#### RECORDED DATA

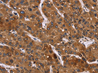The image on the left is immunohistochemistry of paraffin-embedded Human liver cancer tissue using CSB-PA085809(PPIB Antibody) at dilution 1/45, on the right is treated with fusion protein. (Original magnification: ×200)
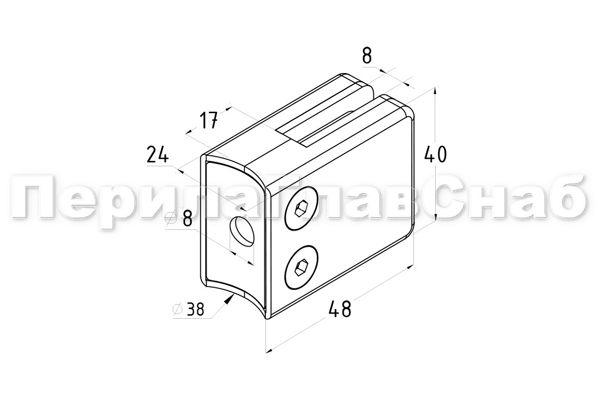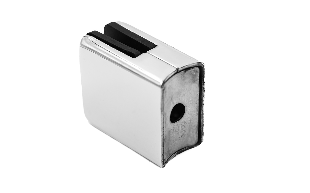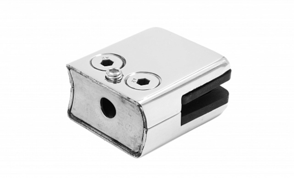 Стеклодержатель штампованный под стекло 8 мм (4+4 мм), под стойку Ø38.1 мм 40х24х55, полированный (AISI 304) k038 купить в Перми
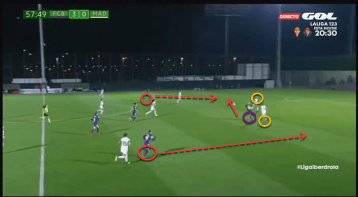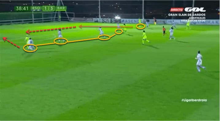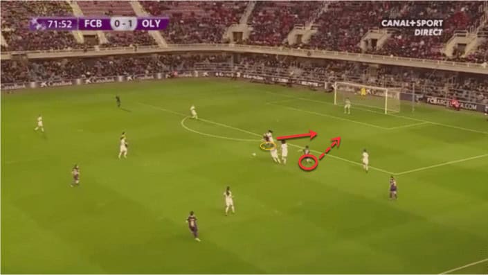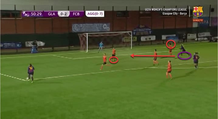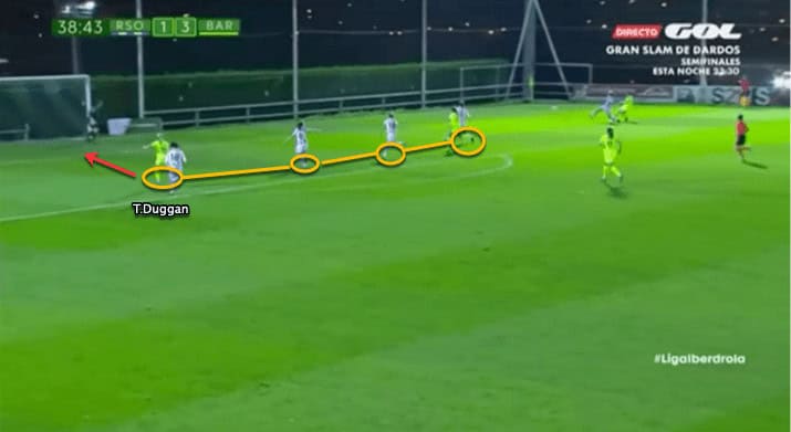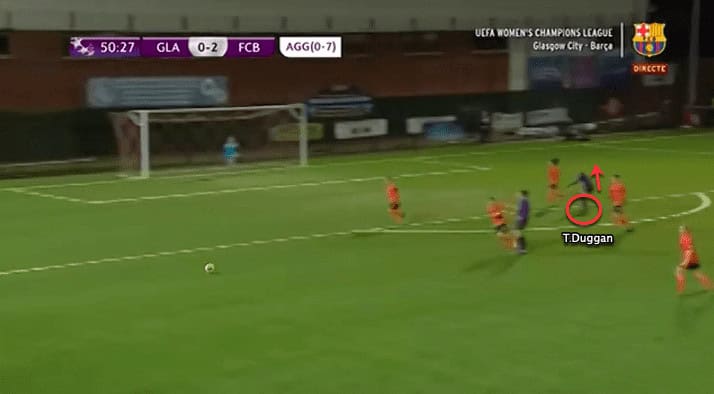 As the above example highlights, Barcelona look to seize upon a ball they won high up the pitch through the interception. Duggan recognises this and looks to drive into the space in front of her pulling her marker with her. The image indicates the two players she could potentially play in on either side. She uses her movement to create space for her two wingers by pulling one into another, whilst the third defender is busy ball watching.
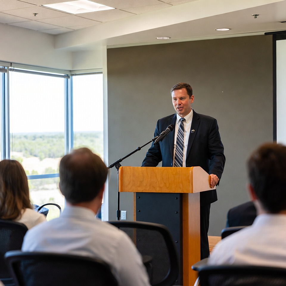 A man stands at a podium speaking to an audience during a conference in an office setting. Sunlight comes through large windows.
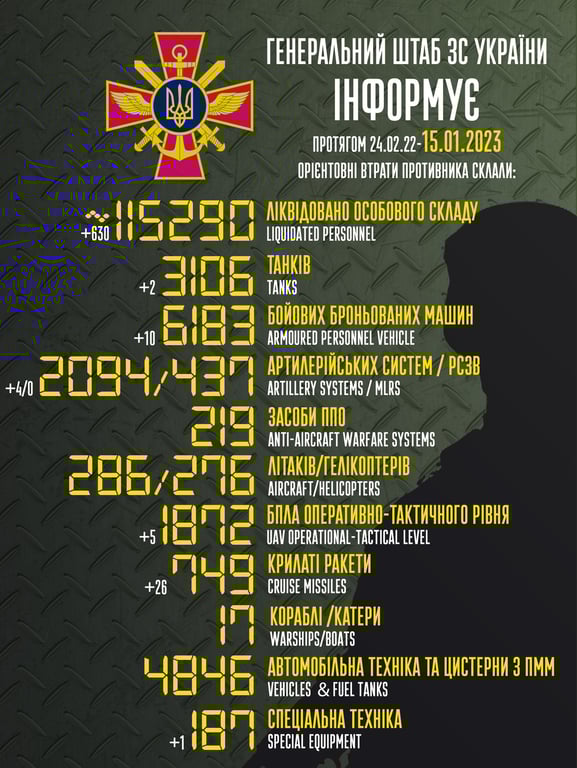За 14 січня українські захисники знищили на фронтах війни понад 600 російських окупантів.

########

- **THE PROBLEM**
A word-for-word transcription of the entries above, free of images, is what is wanted.

- **RESPONSE TO THE EXERCISE**
The image on the left is immunohistochemistry of paraffin-embedded Human liver cancer tissue using CSB-PA085809(PPIB Antibody) at dilution 1/45, on the right is treated with fusion protein. (Original magnification: ×200)
 Стеклодержатель штампованный под стекло 8 мм (4+4 мм), под стойку Ø38.1 мм 40х24х55, полированный (AISI 304) k038 купить в Перми
 As the above example highlights, Barcelona look to seize upon a ball they won high up the pitch through the interception. Duggan recognises this and looks to drive into the space in front of her pulling her marker with her. The image indicates the two players she could potentially play in on either side. She uses her movement to create space for her two wingers by pulling one into another, whilst the third defender is busy ball watching.
 A man stands at a podium speaking to an audience during a conference in an office setting. Sunlight comes through large windows.
За 14 січня українські захисники знищили на фронтах війни понад 600 російських окупантів.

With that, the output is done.